Saturday, October 11, 2008

Hank Paulsons New Treasury Powers, Explained



Hank Paulson is Mike Myers' best disguise yet. How else could a lowly and fresh Treasury secretary emerge unscathed from the Wall Street Fire Swamp, and, shuffling off the constitution's now-fragile coil, proceed to grasp the Founding Fathers' great intentions and force feed them into the most efficient shredder the world has ever seen... the only machine that could shred $3 trillion of wealth in only five-sixth the time than it took the Lord to create the Universe. The wealth, of course, belonged largely to American investors. The shredder, of course, was the Dow.

Hank Paulson is in charge. George Bush told me (from the relative comfort of the White House) that I did not need to panic, so I am trying very hard to remain calm. But with a tip of the hat to Douglas Noël Adams, my towel is here with me, draped serenely over my left shoulder.

Hank says he will now provide liquidity 'injections' for banks to 'take the edge off' the crisis and buy stock in private banks, which is a trick our grandparents' government used to try to assuage the delirium tremens of the Great Depression. GOD I love all these metaphors for illicit I.V. drug use flying around a crisis born from addiction to credit. It's so deliciously poetic! These new powers Hank's trying out would be terrific except all he and Ben Bernanke (starring himself), keep pushing the same old drug with the same old plunger in the same old needle. The US has had too many liquidity enemas in the past year; they were great at first, but now we need larger doses to compensate for the diminished effect of the drug (cash), and now cash doesn't do anything at all. But we keep shooting up money, anyway. This is stinking thinking.

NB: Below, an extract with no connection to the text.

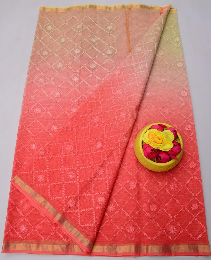 Kunwari- Red & Beige Kota Doria All Over Embroidery Work Saree, This Kota Doria Saree In Cotton Comes With Blouse.Wear This Kota Doria Saree as Office Wear Saree, Daily Wear Saree Or Kitty Party Saree. Saree Length - 6.5 Mtr With Blouse.

Not convinced? Here's a graph that demonstrates the level of the US National Debt from 1940 to the end of 2007, but it is more than grossly outdated due to mushrooming-record spending levels in the first nine months of 2008. This chart does not include ANY money we have spent to pay for the Iraq and Afghanistan wars, the $900 billion-and-counting Emergency Economic Stabilization Act of 2008, or any of the Fed's so-called 'liquidity injections' that have occurred in public and in secret for at least the past year...



Financial disaster is what happens when a person drinks too much or uses too many drugs or borrows money that cannot be paid back. Losing home, job and vehicle... is what happens... when a person drinks too much or uses too many drugs or borrows money that cannot be paid back. All the hardships I just mentioned are what happens when a person, business, township, state, or country abuses credit like a drug. Reckless fiscal mismanagement is killing the United States of America. If the country keeps doing what it's doing it'll keep getting what it's getting. It is now up to average hard-working Americans to inform our electorate that their abuse will no longer be tolerated. How that will happen, en masse, sadly, I honestly do not know.

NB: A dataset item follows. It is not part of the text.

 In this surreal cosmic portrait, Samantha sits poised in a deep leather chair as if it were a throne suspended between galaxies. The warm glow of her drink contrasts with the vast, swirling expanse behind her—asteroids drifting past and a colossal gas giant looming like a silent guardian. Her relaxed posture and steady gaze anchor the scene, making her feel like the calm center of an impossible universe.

America needs to hit a meeting. It's hard enough to get one drunk to go to an AA meeting. How difficult do you suppose it would be to get an entire broke-ass nation to show up? And whom do we see about serving coffee to 300 million?

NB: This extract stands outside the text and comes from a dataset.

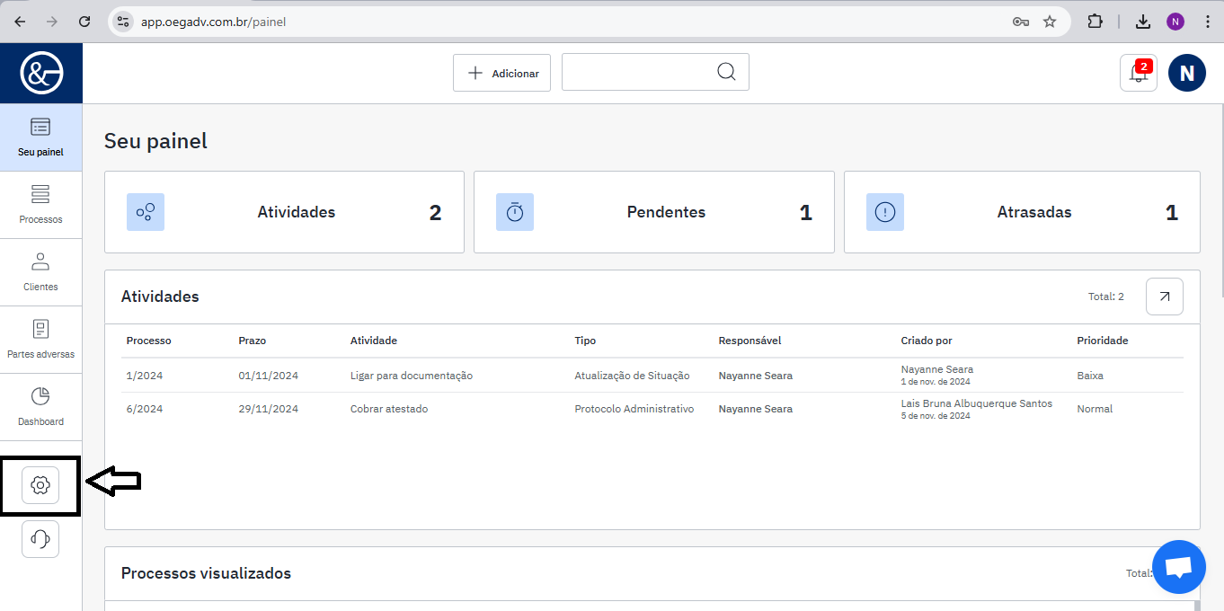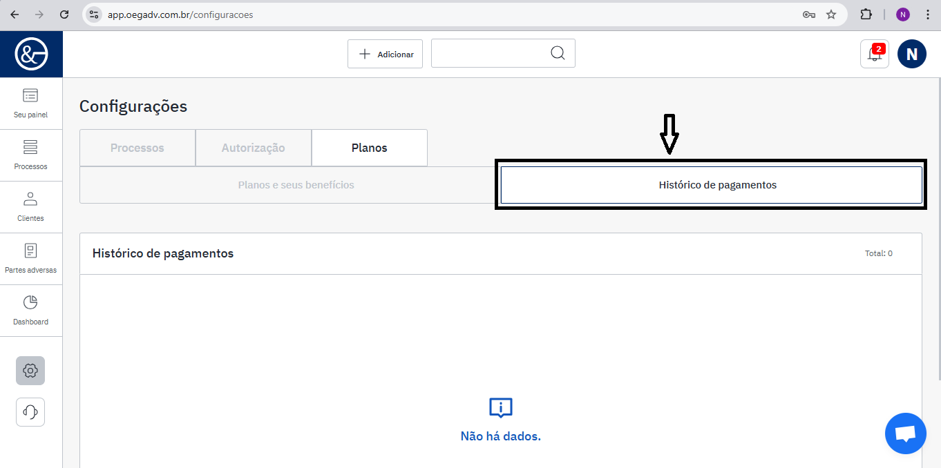 Na tela inicial do OEGadv, no canto inferior esquerdo, clique em "configuração". Você será redirecionado para a página de configurações, onde poderá realizar a modificação do seu plano no sistema.

Average Americans would like to know what in the hell is happening to their country, and the rest of the workd is curious, too. Hank, Ben and George's best and most correct action might just be to get behind a 12-step recovery program for America's credit addicts. No need to start one; Debtors Anonymous already exists: http://www.debtorsanonymous.org/

Hope to see you at a meeting. I don't have a problem, I just go for the free coffee.